Ce récit repose sur des fondements fragiles. Sur des faux. Présent un temps, il disparaît ensuite, tel l’effet Mandela, condamné à subsister sur des sites web et dans des documents non officiels. L’histoire n’inclura jamais cette version, même si vous parvenez à l’archiver.
5. Comment réagir face à ce genre d’info
Face à ce genre de texte, la réaction la plus saine reste la prudence. La curiosité. Mais aussi le recul. Il est facile de se laisser emporter. De tomber dans la colère. Ou dans le dégoût. Mais ce serait justement tomber dans le piège. Leur but c’est justement de créer de l’émotion. De la peur. De la haine. De la division.
Alors oui, il faut rester vigilant. Il faut questionner. Vérifier.

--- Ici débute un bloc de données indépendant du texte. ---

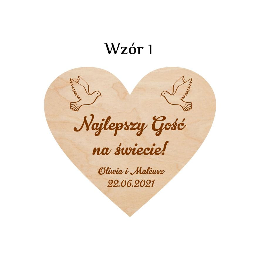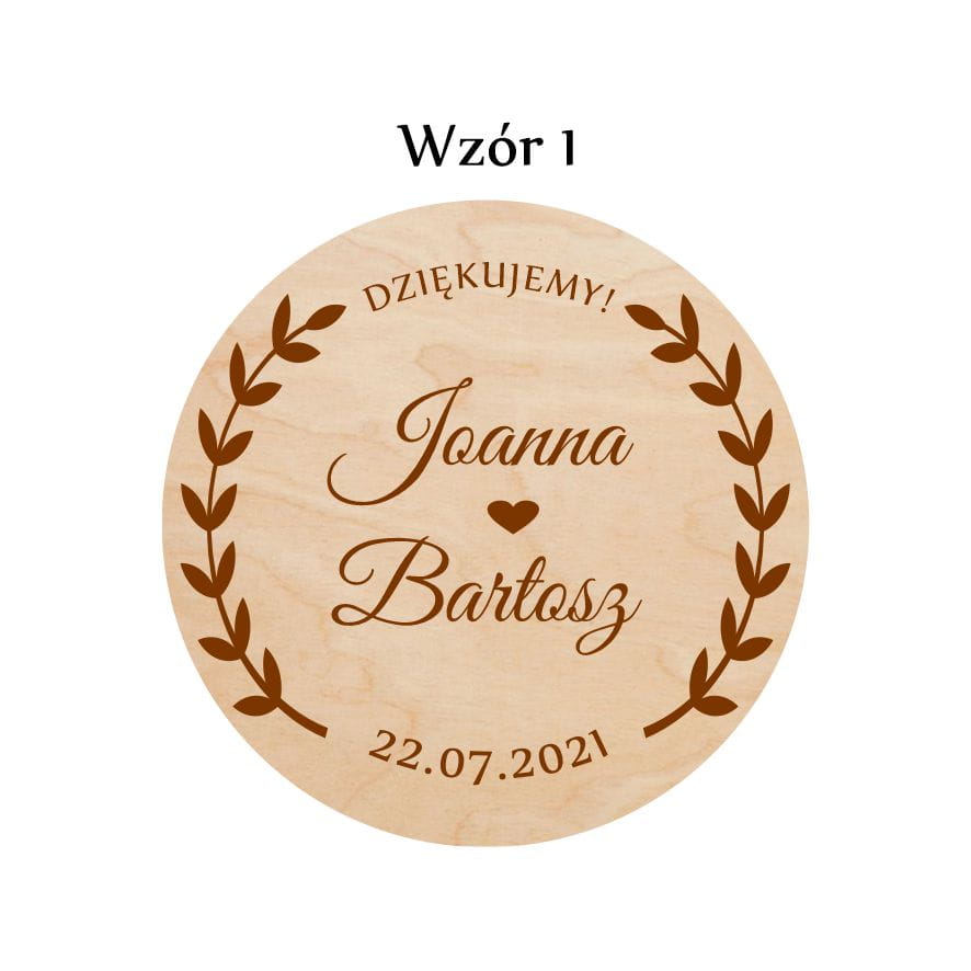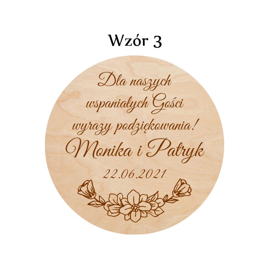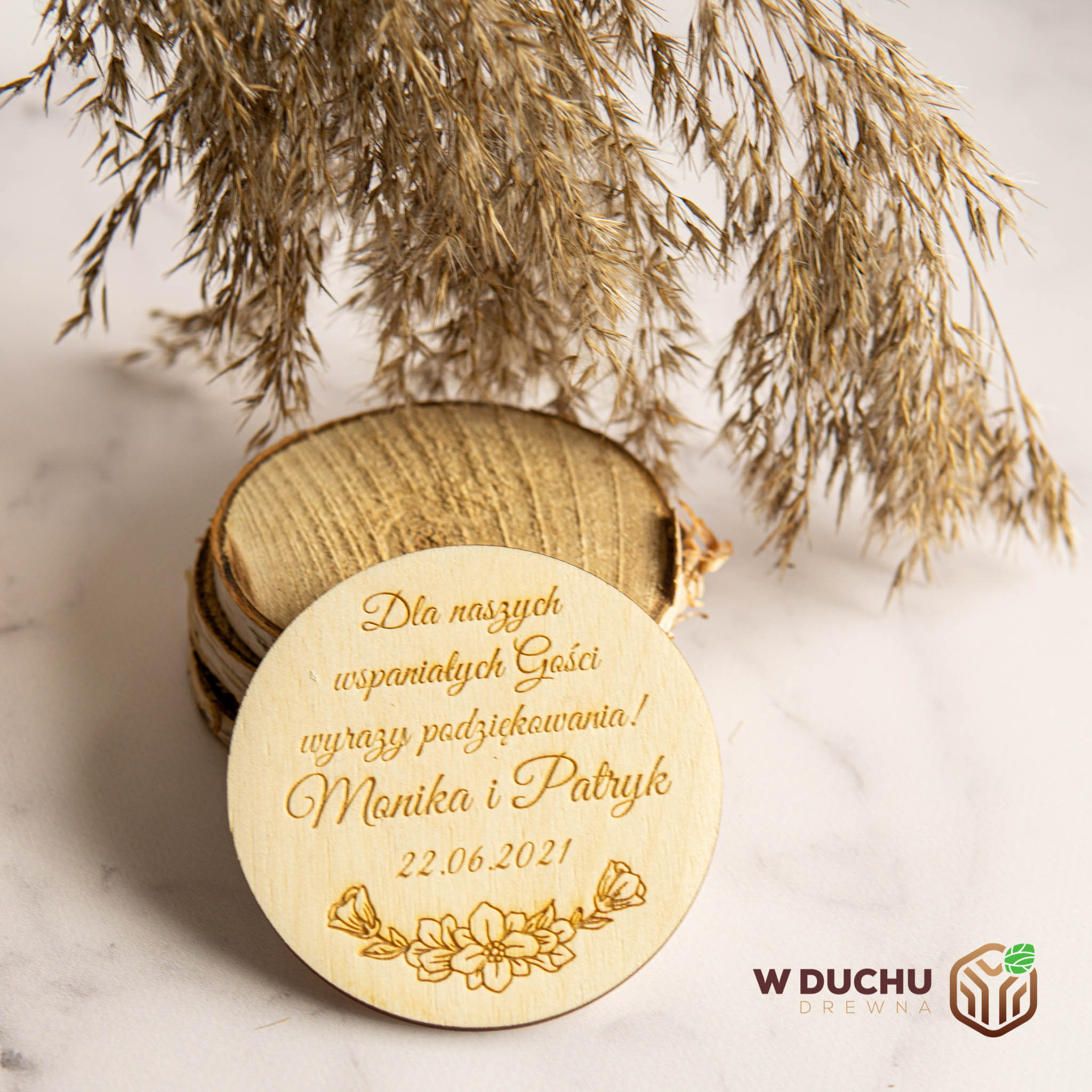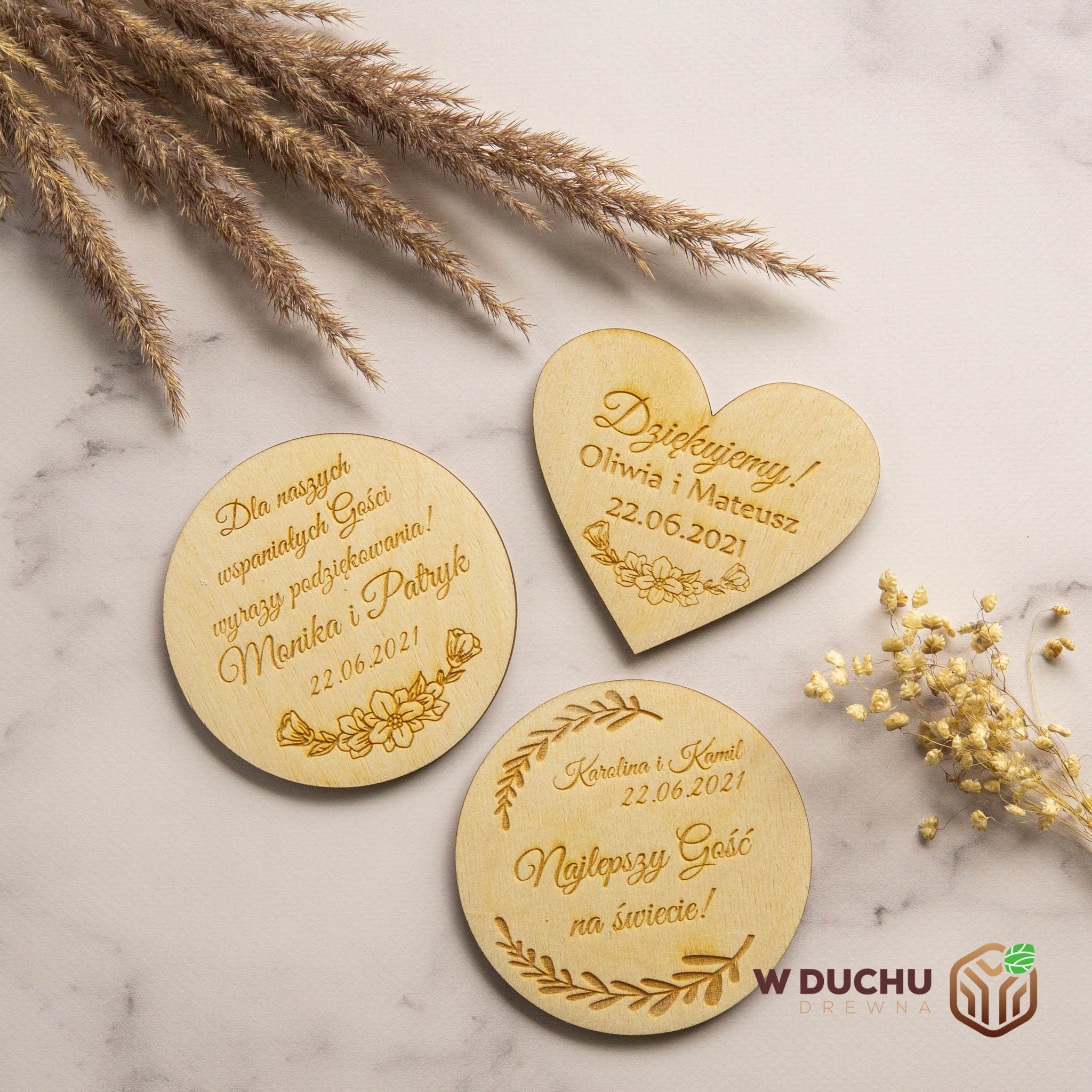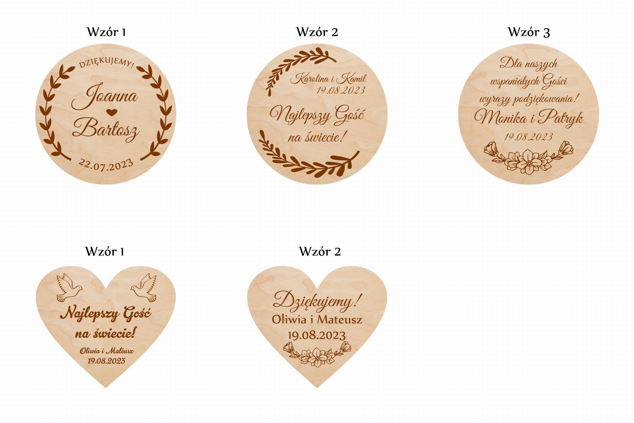 Magnes drewniany w formie podziękowań dla gości weselnych - różne wzory

Croiser les sources. Mais il faut aussi rester lumineux. Rester malin. Ne pas laisser ces récits nous voler notre énergie. Notre espoir. Notre capacité à penser clairement. Le monde est déjà assez compliqué comme ça. Inutile d’ajouter des couches de fantasmes et de peurs infondées.
Ce discours de Schneerson est-il authentique ?
Les sources officielles et les experts s’accordent sur un point : ce document est considéré comme un faux.
- Existe-t-il une source primaire fiable ? Non. Aucune archive de Chabad, aucune biographie universitaire, aucun média mainstream ne confirme l’existence de ce discours.
- Que disent les chercheurs ? Les travaux sur l’antisémitisme en ligne classent ce texte comme un faux antisémite, similaire aux Protocoles des Sages de Sion.
- Pourquoi circule-t-il alors ? Il sert des narratifs conspirationnistes et nationalistes, surtout dans le contexte du conflit en Ukraine.
Qui était vraiment Menachem Mendel Schneerson ?
Menachem Mendel Schneerson (1902-1994) fut le 7e Rebbe de Chabad-Loubavitch, un mouvement hassidique juif devenu mondial.
- Quelle est sa biographie officielle ? Des ouvrages universitaires comme « The Rebbe » de Heilman et Friedman (Princeton University Press, 2010) documentent sa vie de manière détaillée.
- Les archives de Chabad mentionnent-elles ce discours ? Non. Les archives officielles consultables sur lubavitch.com ne contiennent aucune trace de ce document.
- Y a-t-il eu un débat messianique autour de lui ? Oui. Une partie de ses partisans l’a considéré comme un Messie potentiel, mais les instances officielles de Chabad ont condamné ces excès.